Молчанием почтили мы это Зоськино стремление к торговой добропорядочности, но зато добросовестность врача, которая стоила Зоське десяти красных рубцов на спине, показалась нам бесчеловечной и отвратительной.

* * *

Июнь был знойный, ночи душные и жаркие. Отбросив одеяла, уставившись в темноту, мы лежали на своих койках. Постель распаривала тело. По ночам до нас долетали из ближайших лесов протяжные, грустные напевы. Высоко на горных полянах горели костры.
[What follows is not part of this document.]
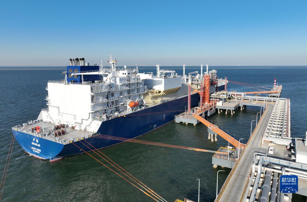 12月1日,“少林”號LNG運輸船靠泊在中國石化天津LNG接收站2號泊位(無人機照片)。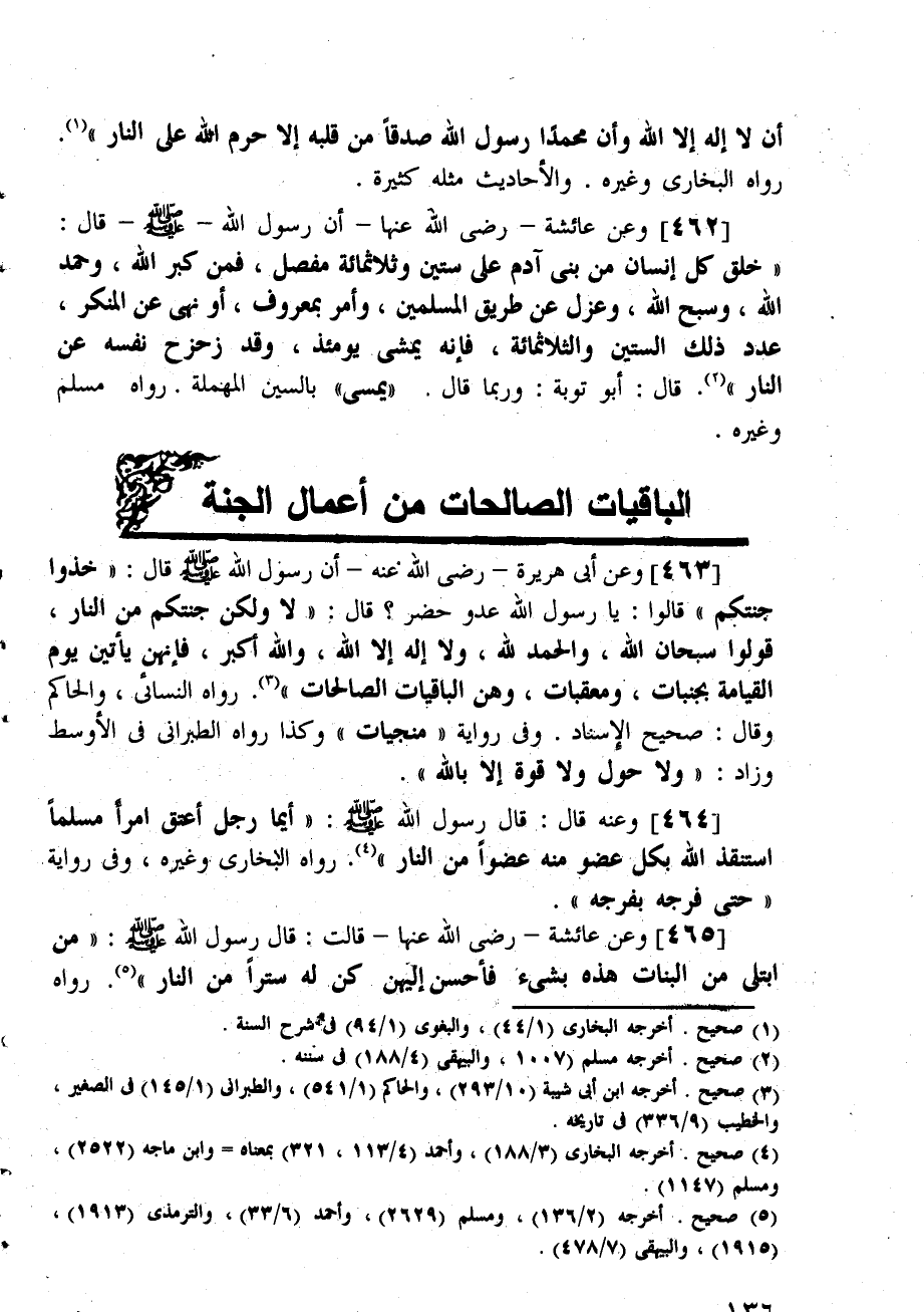وعن أبي هريرة - رضي الله عنه - أن رسول الله صلى الله عليه وسلم قال: (خذوا جنتكم) قالوا: يا رسول الله عدو حضر؟ قال: (لا ولكن جنتكم من النار، قولوا سبحان الله، والحمد لله، ولا إله إلا الله، والله أكبر، فإنهن يأتين يوم القيامة بجنبات، ومعقبات، وهن الباقيات الصالحات) رواه النسائي، والحاكم وقال: صحيح الإسناد. وفي رواية (منجيات) وكذا رواه الطبراني في الأوسط وزاد: (ولا حول ولا قوة إلا بالله) .

Оттуда неслись страстные, дикие возгласы, кончавшиеся продолжительным «Эяля!» Мы прислушивались к этим возгласам; они вибрировали высокой, раздирающей сердце нотой; мы внимали мелодиям, которые ветер доносил до нас с темных полян.

С синими мешками под глазами, вялые и расслабленные, усаживались мы утром на койках, чтобы хором прочитать «Ангеле божий». На уроках в школе мы бездумно глядели на доску, ловя ухом отголоски лета, долетавшие с улицы. Все мы учились плохо, и было уже известно, что наши девчонки принесут в приют одни лишь тройки и двойки.

Тотчас же после обеда мы каждый день отправлялись в лес собирать валежник. Зимою он служил нам топливом. Это занятие нравилось всем.

вернуться

23

Злотый равен 100 грошам.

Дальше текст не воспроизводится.